Machete: A betrayed Federale butchers his way through a corrupt syndicate to avenge the death of his wife and child. The full 105 minutes of Machete are just absolutely absurd, from the first fully naked chick pulling out her mobile to intestine misuse and seeing Seagal attempt a latino accent… The grindhouse / shock element is pretty cranked to parody / laughable; although the film relies more on CGI than the inventiveness and real gore that genuine b-movies usually would. In saying that, the action is sweet, bloody and OTT fun – although the editing makes it all seem a bit haphazard. A lot of the story rooted in both sides of a real immigration issue – albeit exaggerated. Action hall-of-famer Danny Trejo finally gets his shot at playing a lead, although the Machete character could be any of his memorable previous roles. Everyone else is effective but pretty forgettable, except for De Niro, whose career just seems to be irretrievable. For the gents in the cast the film’s about 10-20 years too late – there’s nothing really exciting about seeing a fat Seagal and out-of-shape Trejo trying to duel. The deliberately old and retro look and feel to the film works quite well, and Rodriguez is clearly a B-movie/exploitation fan, but with all the CGI – and big names – it does lose the certain appeal of real B-movies. For what it is, and what it’s supposed to be, Machete totally hits the mark. Tongue-in-cheek Mexploitation. Fun, entertaining, over-the-top schlock.
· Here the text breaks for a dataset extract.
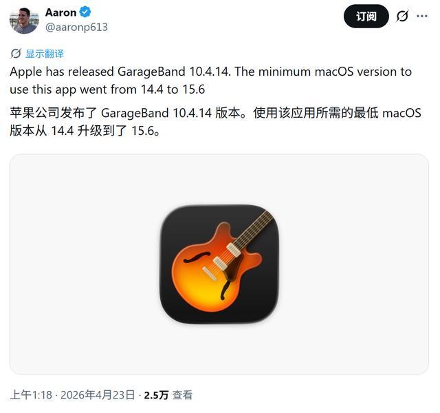 新版还上调了系统兼容性门槛,根据 @aaronp613 反馈,Mac 版库乐队的最低系统要求已从 macOS 14.4 上调至 macOS 15.6。IT之家附上相关截图如下: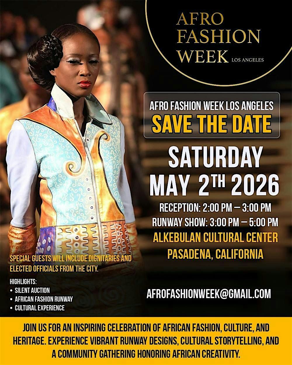 Join us for an unforgettable cultural experience at Afro Fashion Week Los Angeles 2026, where fashion, art, music, and heritage come together to celebrate the richness and innovation of African and diasporic creativity.

Goodfellas: (Blu Ray) A semi-fictional take on the life of Henry Hill; notorious American Mobster from Brooklyn. The chemistry between all the characters is fantastically played, sure there are some stereotypes, but the main three are very believable and realistic, yet completely different. Liotta’s acting is great, but his commitment was even more noteworthy; starting off naive and weedy but becoming a fat, ruined, coked-up mess for the last 30 minutes. Women don’t get much of a look-in, and it’s a good job because Bracco’s acting and ‘jewish accent’ are unforgivable. Scorsese shows he’s a master of the craft with many great, long, signature single-take shots – in particular the journey from the car to the table at the front of the club and from the skies to the meat truck – very powerful directing for the duration that backs up the story. The only anomaly is a bizarre breaking of the fourth wall at the very end of the film. The elegance of the direction is contrasted with a lot of brutal, no-holds-barred violence: beatdowns, bitchslaps, chest-stabbing, face shots, and a lot of gun-butts to the nose! Unfortunately, the Blu Ray doesn’t do the movie justice; the picture’s mediocre and the audio track is pretty lifeless – not once does it make you think “wow”. As divisive as this statement may be, I truly believe that this is the ultimate gangster movie and does in one film what The Godfather fails to do in three – an interesting and highly-watchable epic about the rise-and-fall of an ordinary man, that was accurate and true to the Italian Mafia.